Event Tracing for Windows (ETW) is an efficient kernel-level tracing facility that lets you log kernel or application-defined events to a log file. You can consume the events in real time or from a log file and use them to debug an application or to determine where performance issues are occurring in the application.
OpenTelemetry C++ SDK ETW exporter allows the code instrumented using OpenTelemetry API to forward events to out-of-process ETW listener, for subsequent data recording or forwarding to alternate pipelines and flows. Windows Event Tracing infrastructure is available to any vendor or application being deployed on Windows.
These are the features planned to be supported by ETW exporter:
- OpenTelemetry Tracing API and SDK headers are stable and moving towards GA.
- OpenTelemetry Logging API is work-in-progress, pending implementation of Latest Logging API spec here
- OpenTelemetry Metrics API is not implemented yet.
Implementation of OpenTelemetry C++ SDK ETW exporter on Windows OS is header only
:
- full definitions of all macros, functions and classes comprising the library are visible to the compiler in a header file form.

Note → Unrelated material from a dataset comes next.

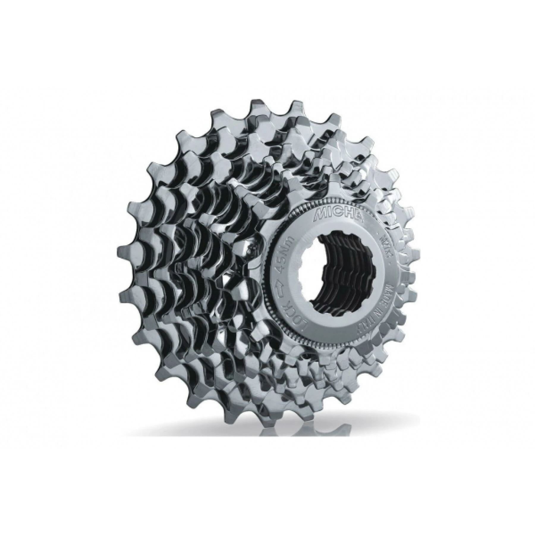 Cassette MICHE 9 vitesses Primato SH15141 patible Shimano .pignon et écrou en acier spécial chromé et traité thermiquement .entretoise en plastique.

- implementation does not need to be separately compiled, packaged and installed in order to be used.
All that is required is to point the compiler at the location of the headers,
and then #include
the header files into the application source. Compiler's
optimizer can do a much better job when all the library's source code is
available. Several options below may be turned on to optimize the code with the
usage of standard C++ library, Microsoft Guidelines Support library, Google
Abseil Variant library. Or enabling support for non-standard features, such as
8-bit byte arrays support that enables performance-efficient representation of
binary blobs on ETW wire.
The following include directories are required, relative to the top-level source tree of OpenTelemetry C++ repo:
- api/include/
- exporters/etw/include/
- sdk/include/
Code that instantiates ETW TracerProvider, subsequently obtaining a Tracer bound
to OpenTelemetry-ETW-Provider
, and emitting a span named MySpan
with
attributes on it, as well as MyEvent
within that span.
#include <map>
#include <string>
#include "opentelemetry/exporters/etw/etw_tracer_exporter.h"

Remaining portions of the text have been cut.